An object is localized to a cell. Meaning after it is created it usually remains in the same cell over it's lifespan. This is to insure the searches remain consistent. The object contains the cellid of where it originated from. This allows subsequent updates to the object (in Lucene a deleteDocument and then addDocument are called) to occur in the correct cell.
Name services can become quite complex. For example it may be possible in the future to use Zookeeper which is a lock based service. However even by Zookeeper's own admission these types of lock services are hard to implement and use correctly. I think for Ocean it should be good enough in the first release to have an open source SQL database that stores the nodes and the cells the nodes belong to. Because there is no master there is no need for a locking service. The columns in the node table would be id, location, status (online/offline), cellid, datecreated, datemodified. The cell table would simply be id, status, datecreated, datemodified. Redundant name services may be created by replicating these 2 tables. I am also pondering an errors table where clients may report outages of a node. If there are enough outages of a particular node the name service marks the node as offline. Clients will be able to listen for events on a name service related to cells, mainly the node status column. This way if a node that was online goes offline, the client will know about it and not send requests to it any longer.
Location Based Services
LocalLucene provides the functionality for location based queries. It is possible to optimize how LocalLucene works and I had code that implemented LocalLucene functionality directly into Ocean that I may put back in at some point. The optimization works by implementing a subclass of ScoreDoc that has a Distance object as a member variable. This removes the need for a map of the document to the distance value from the DistanceFilter. I would like to see DistanceFilter use the new Lucene Filter code that returns DocIdSet.
The tag index patch is located at LUCENE-1292. I had seen people mention using a ParallelReader to have an index that is static and an index that is dynamic appear as one index.
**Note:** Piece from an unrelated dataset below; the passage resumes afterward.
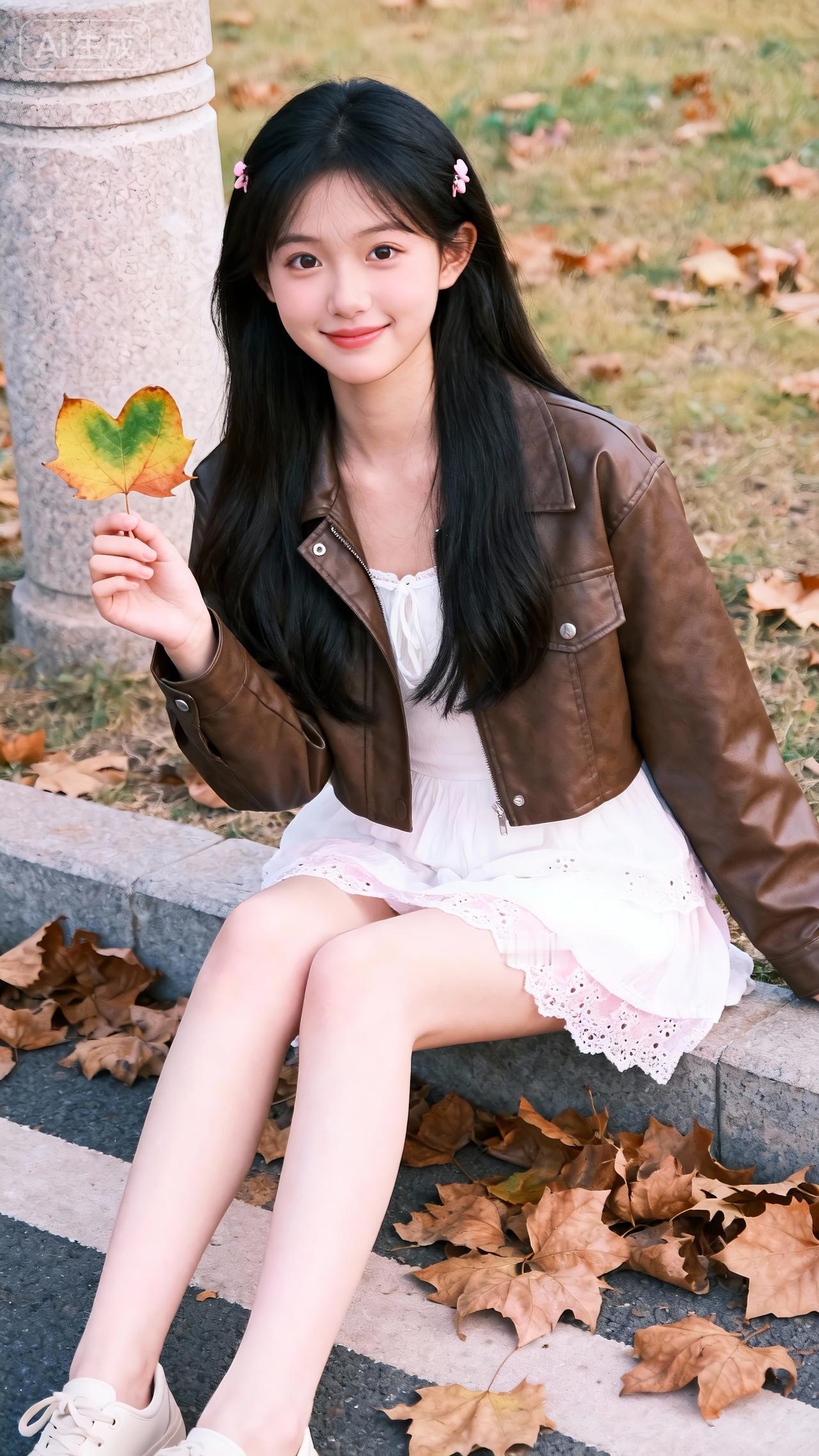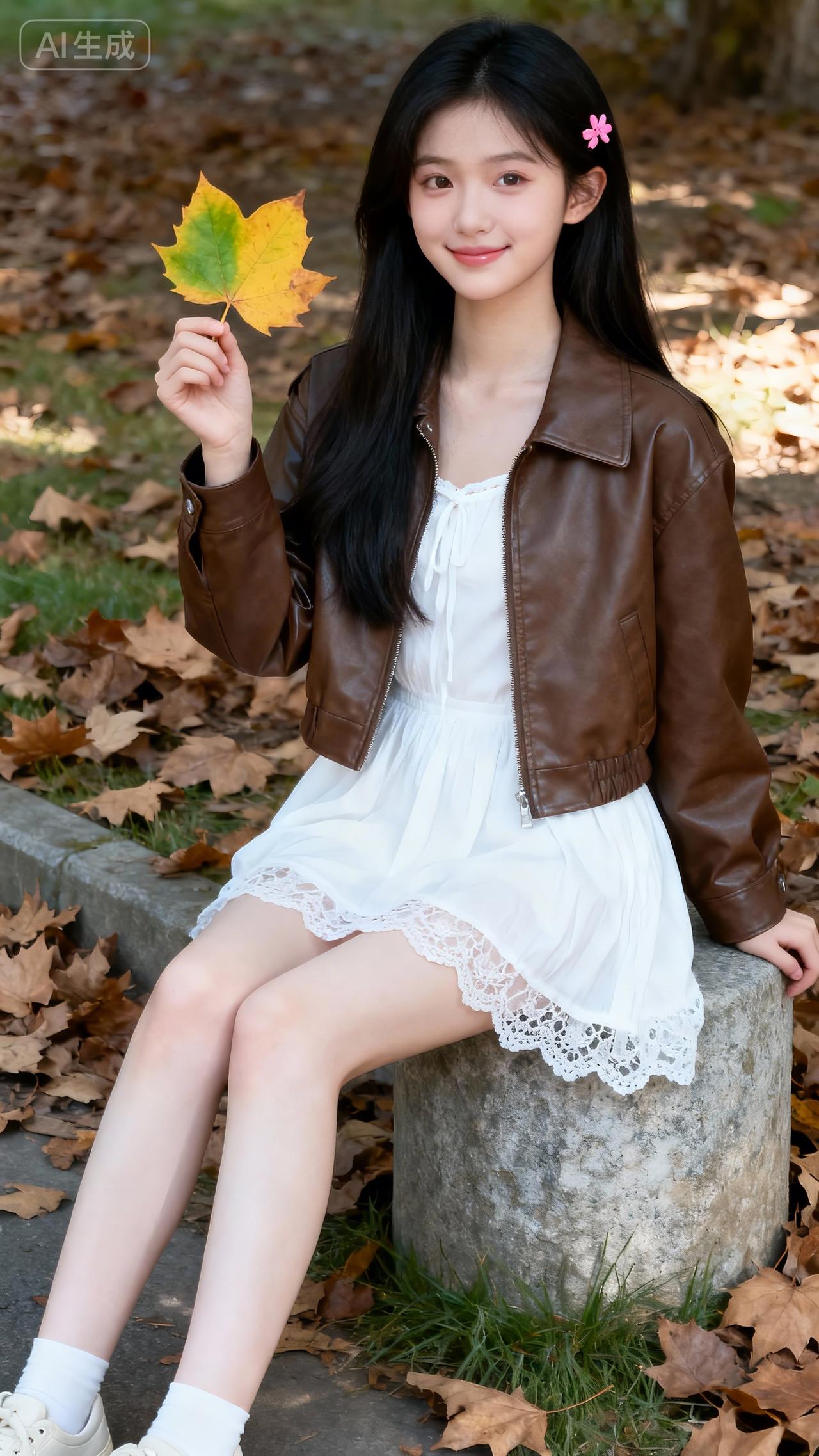 秋光裹满石阶,棕皮衣搭白蕾丝裙,发梢别着粉花的她,指尖捏着半黄枫叶笑眼弯弯——连

The challenge with this type of system is to get the doc numbers to stay aligned. Google seems to have a realtime tag index system. I figured there must be some way using the Lucene architecture to achieve the same thing. The method I came up with is to divide the postings list into blocks. Each block contains a set number of documents, the blocks are not divided by actual byte size but by document number. The blocks are unified using a TagMultiTermDocs class. When a block is changed it is written to RAM. Once the RAM usage hits a certain size, the disk and memory postings are merged to disk. There needs to be coordination between this process and the merging of the segments. Each Tag Index is associated with a segment. In Ocean the merging of segments is performed by the Ocean code and not IndexWriter so the coordination does not involve hooking into IndexWriter. Currently there needs to be a way to obtain the doc id from an addDocument call from IndexWriter which needs a patch still.